A articulação entre profissionais de equipas multidisciplinares pode conduzir ao desenvolvimento de soluções inovadoras e eficazes baseadas na IA no domínio da saúde mental. Combina conhecimentos clínicos com capacidades técnicas para melhorar o diagnóstico, o tratamento e o apoio a indivíduos com problemas de saúde mental, assim como ao nível da prevenção e promoção de saúde mental e bem-estar em diferentes contextos, alinhados no seu compromisso de fornecer soluções de saúde mental eficazes, transparentes, seguras e éticas.

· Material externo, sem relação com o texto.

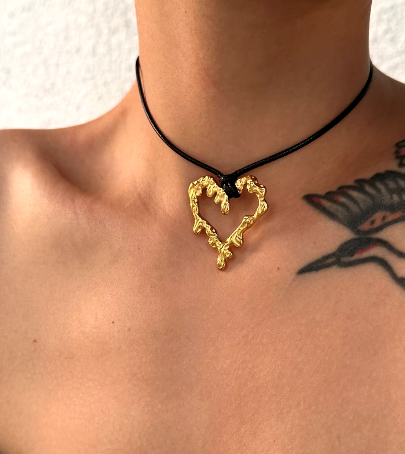 Make a statement with our Chunky Heart Necklace—a bold boho piece that’s as versatile as it is stylish. Available in 18k PVD gold or silver, this titanium steel necklace features a striking heart pendant designed to elevate any look with a touch of effortless charm.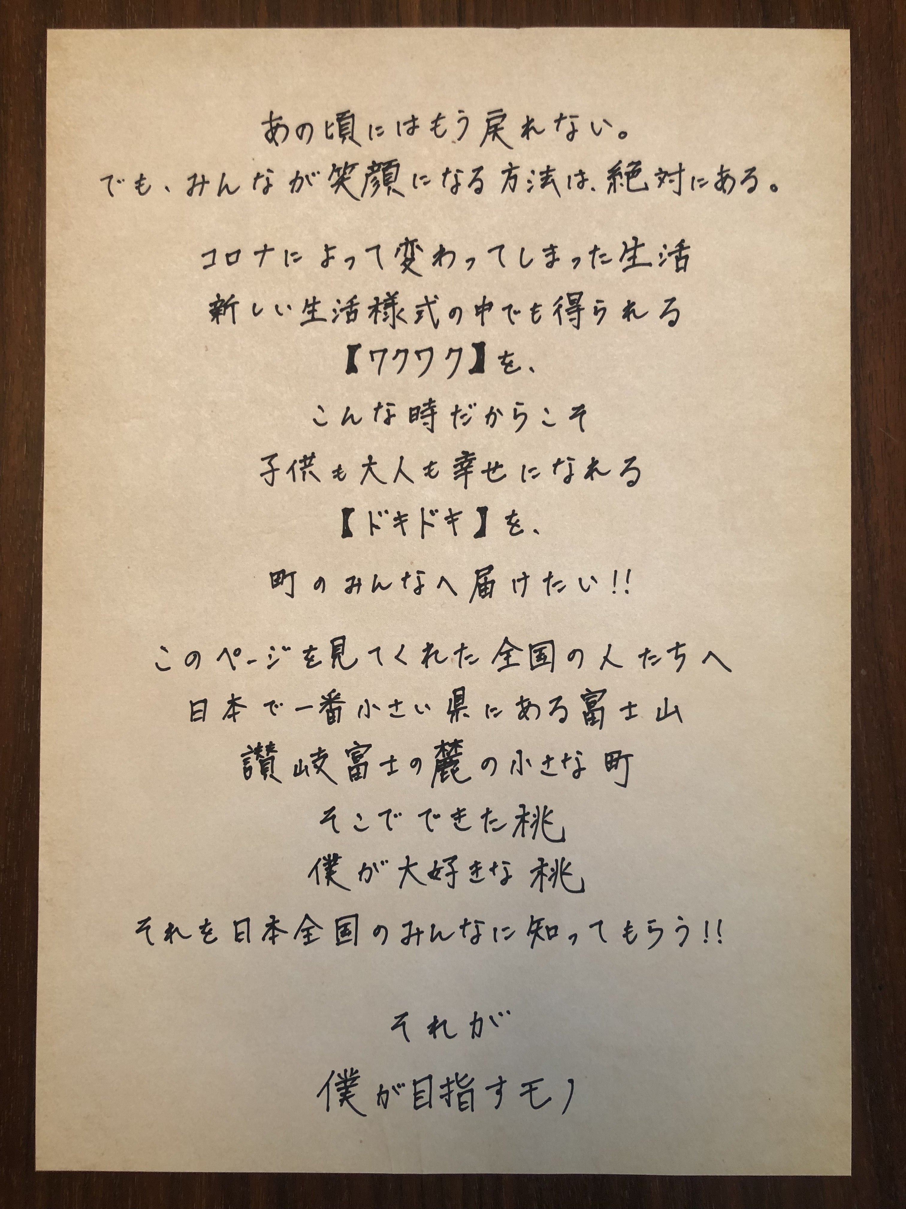 2021/12/14 11:30クラウドファンディング終了は12月15日23:59です!もう残り1日になりました!なんかあっという間でした。。本当に沢山の方からの支援に感謝しています!沢山の方が僕とじいちゃんのことを応援してくださいました!!今日は、クラウドファンディングで集まった応援の声の一部を紹介させてください。読んでいて涙が溢れて仕方がありませんでした。私達皆んながじいちゃんと約束したんだと、思いました。じいちゃんも一緒に皆んなで笑いあえる日が来ますように応援しています!頑張ってください!文章を読んで感動しました。コロナで町の様子も変わってしまったのですね〜 じいちゃんの言葉を、気持ちをずっと忘れなかったアナタは、素晴らしい!! 私71歳、果物大好き!!素敵なお話に心を揺さぶられました。どうか、頑張ってください。美味しい桃、楽しみにしております(*^-^*)こんな応援が集まり、こんなにも多くのひとから応援してもらい、応援の力の凄さを感じています。こんなにも沢山の人に応援してもらうのは人生で初めてです。現在支援者の数は123人!!ここでは紹介しきれませんが、全部読まさせてもらっています。最後1日ですが、僕とじいちゃんのことを。飯山町の桃のことを。最後までどうぞよろしくお願いいたします!! もっと見る第9話『クラウドファンディングに挑戦して分かったこと』
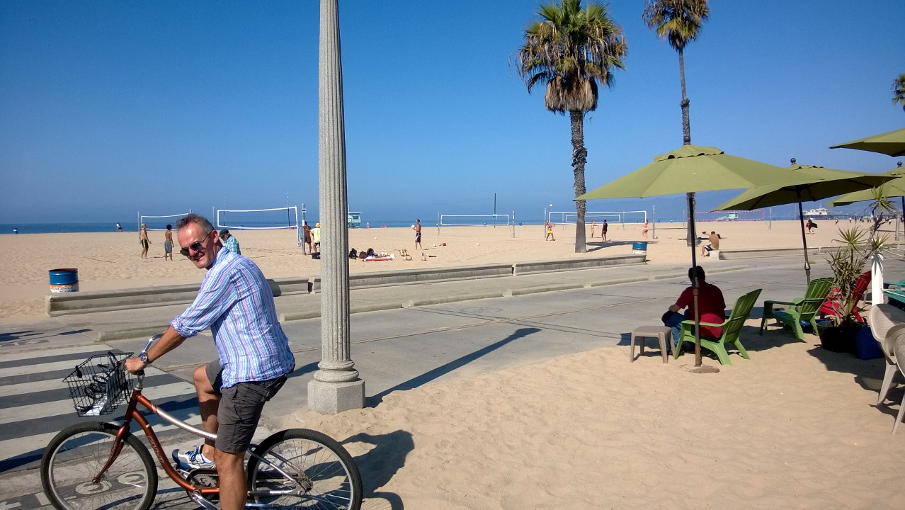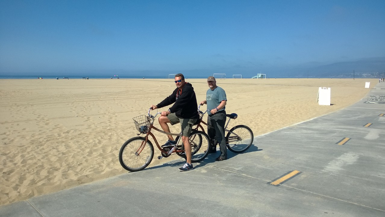 Jeudi 12 septembre, nous occupons notre journée en louant des vélos à l'Hôtel et partons sur le bord de mer tôt le matin pour un ride d'une autre dimension. Dom n'est pas top (mal au dos) et hésite à enfourcher la bécane de lopette, mais fort d'un remède de cheval ordonné par PX, il se lance quand même dans l'aventure du dernier jour sur sol US. Finalement, la matinée fut fort agréable, nous prenons le café / croissant sur Santa Monica beach et revenons à l'hôtel vers 13h00 pour fermer nos valises et préparer le déplacement pour l'aéroport.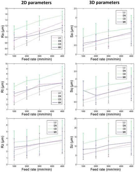 For the eight tool-biomaterial couples, it was observed that 2D and 3D surface roughness seemed to be weakly influenced by the feed rate (Figure 5 and Figure 6). Regarding Ra and Sa, a mean increase of respectively 0.46 µm and 0.48 µm was observed when the feed rate ranged from 1000 to 4800 mm/min. Regarding Rz and Sz, a mean increase (1.23 µm and 3.84 µm respectively) was observed when the feed rate ranged from 1000 to 4800 mm/min. Sq increased by 0.54 µm, and Rt increased by 2.42 µm. Nevertheless, whatever the tool and the feed rate, the Sq parameters were equal or slightly higher than Sa.
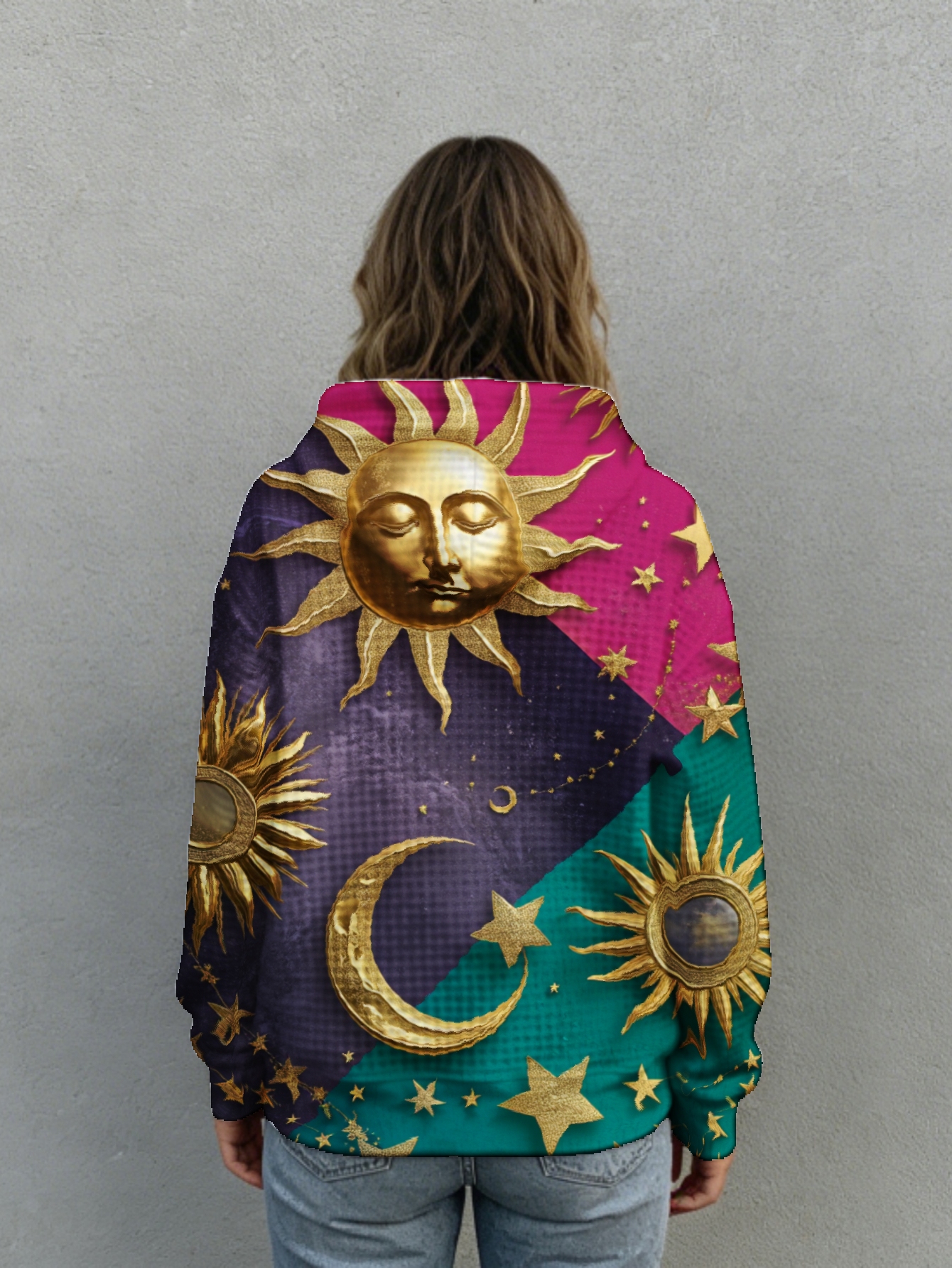 Plus Size – Plus Size – Waffle Hoodie | Purple and Teal with Golden Moon and Stars Print, Oversized Fit, Long Sleeve, No, Elegant Style for Casual Wear, Sizes 0XL-5XL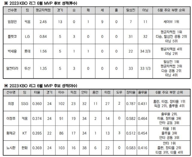 [이데일리 스타in 이석무 기자] 2023 신한은행 SOL KBO 리그 6월 월간 MVP 후보로 총 8명 선수가 확정됐다.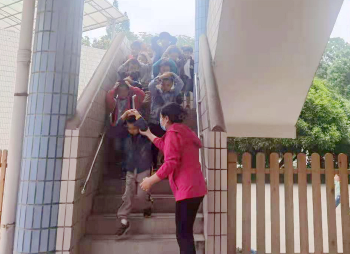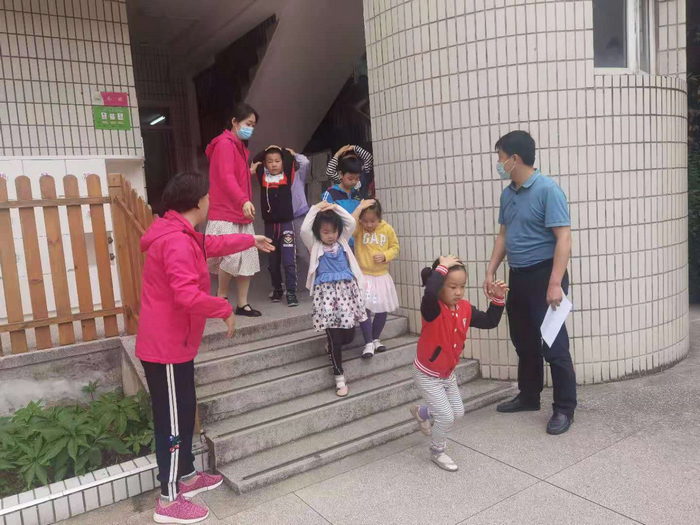 疏散警报声响起,各班老师组织幼儿按预定的疏散路线迅速有序地撤离到安全地带,各班级立即清点人数向指挥汇报。全园百多名幼儿仅用时155秒就全部撤离到户外场地。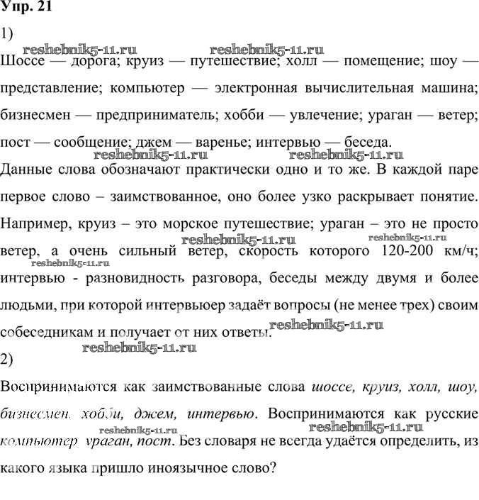 Готовая домашняя работа с ответами по Русскому языку за 6 класс Александрова, Загоровская, Богданов Учебник Просвещение 2020 ФГОС - Упражнения 21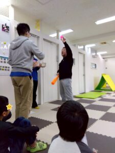 節分の紙芝居を聞いてみんなで鬼退治をして
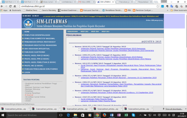 Selain melalui PNRI (Sila dibaca di sini), dosen ber-NIDN juga bisa mengakses jurnal melalui Simlitabmas Dikti. Walaupun terbatas hanya untuk jurnal di Proquest, Cengage dan EBSCO. Begini caranya: Masuk ke http://simlitabmas.dikti.go.id/, […]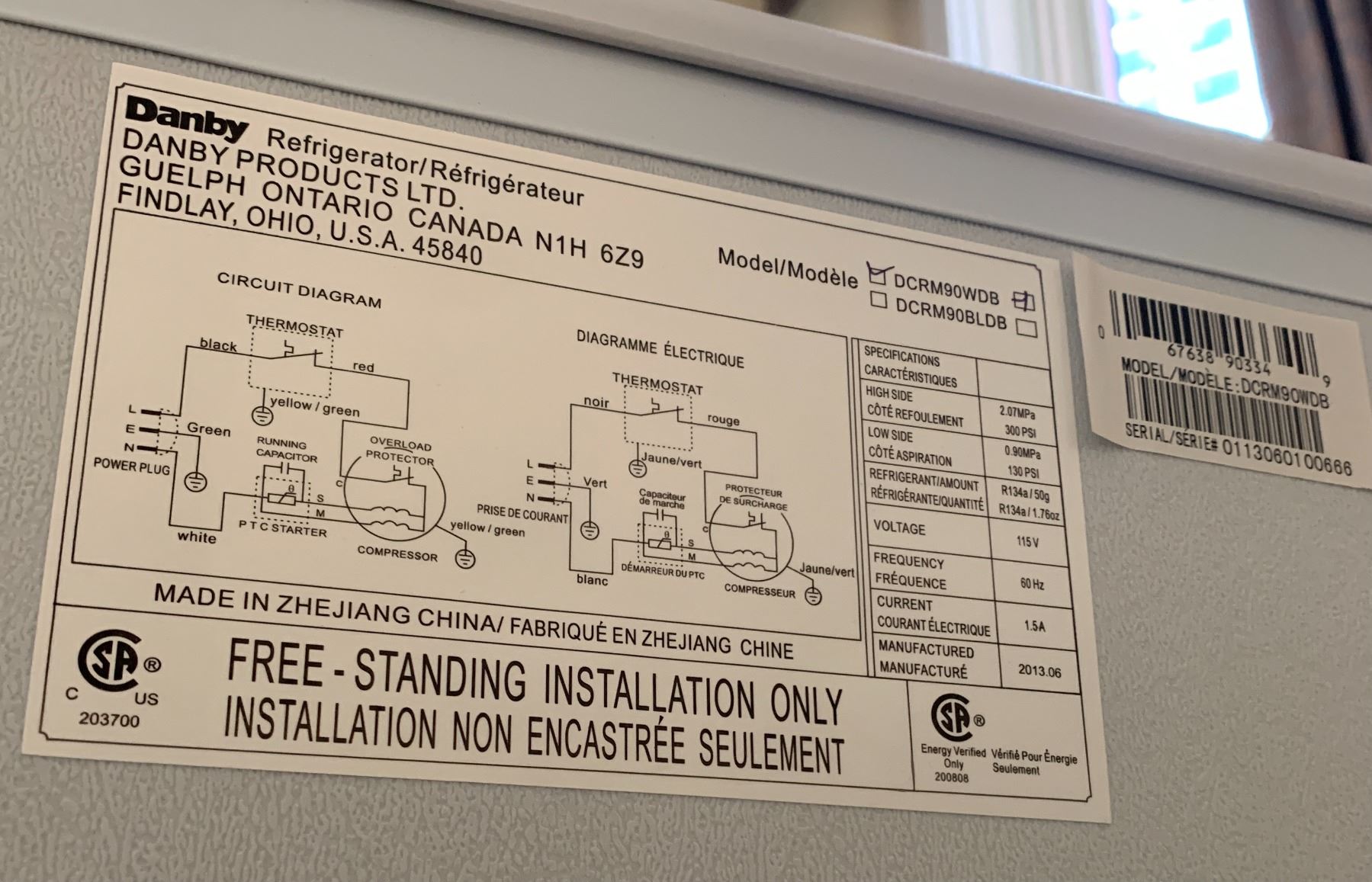 Danby Mini-Fridge (Model No. DCRM90WDB)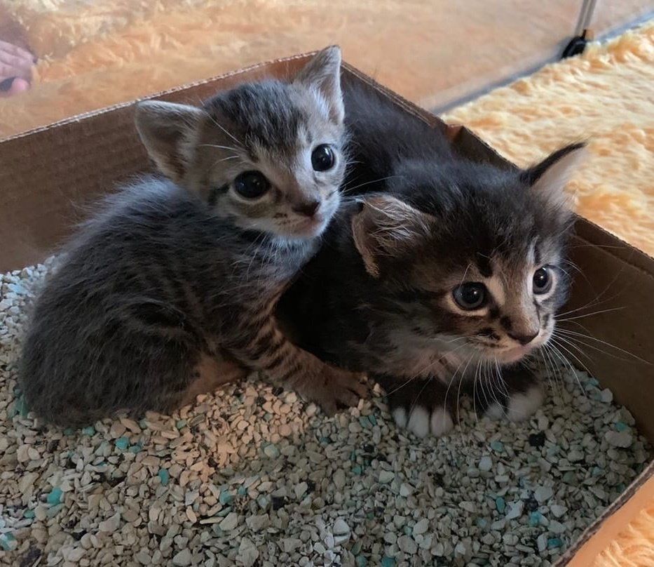 The other kitten was hiding under a towel, and when they removed it, a little ball of fluff was unveiled. They didn't have any information about the second kitten and had no idea how the two tabbies ended up together.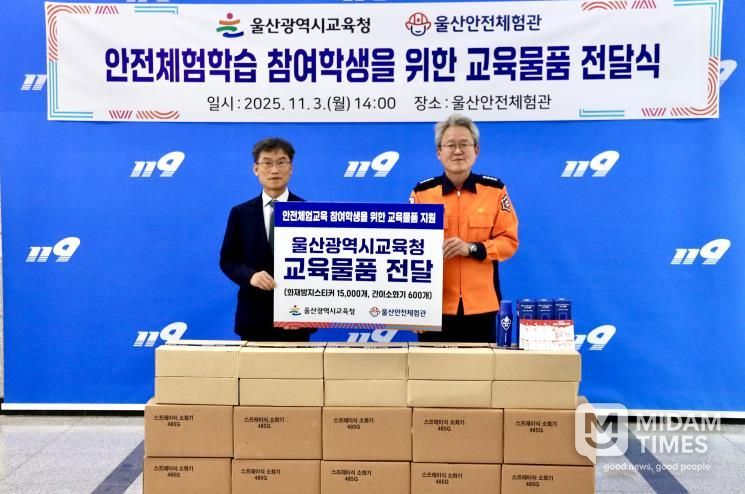 미담타임스 박민정 기자 | 울산광역시교육청은 3일 북구 울산안전체험관을 방문해 학생 안전교육에 활용할 물품 1만 5,600개(약 5,000만 원 상당)를 전달했다.

A colaboração multidisciplinar entre psicólogos, outros profissionais de saúde, mas também profissionais da área da educação, da área social entre outras e os engenheiros de IA e profissionais relacionados pode ser altamente benéfica para várias aplicações no domínio da saúde mental e do bem-estar individual e societal

Para saber mais:

Laboratório Português de Ambientes de Trabalho Saudáveis (LABPATS)

https://laboratoriopats.wixsite.com/labpats

Word Health Organization

https://www.who.int/europe/news/item/06-02-2023-artificial-intelligence-in-mental-health-research–new-who-study-on-applications-and-challenges

Organisation for Economic Co-operation and Development (OECD)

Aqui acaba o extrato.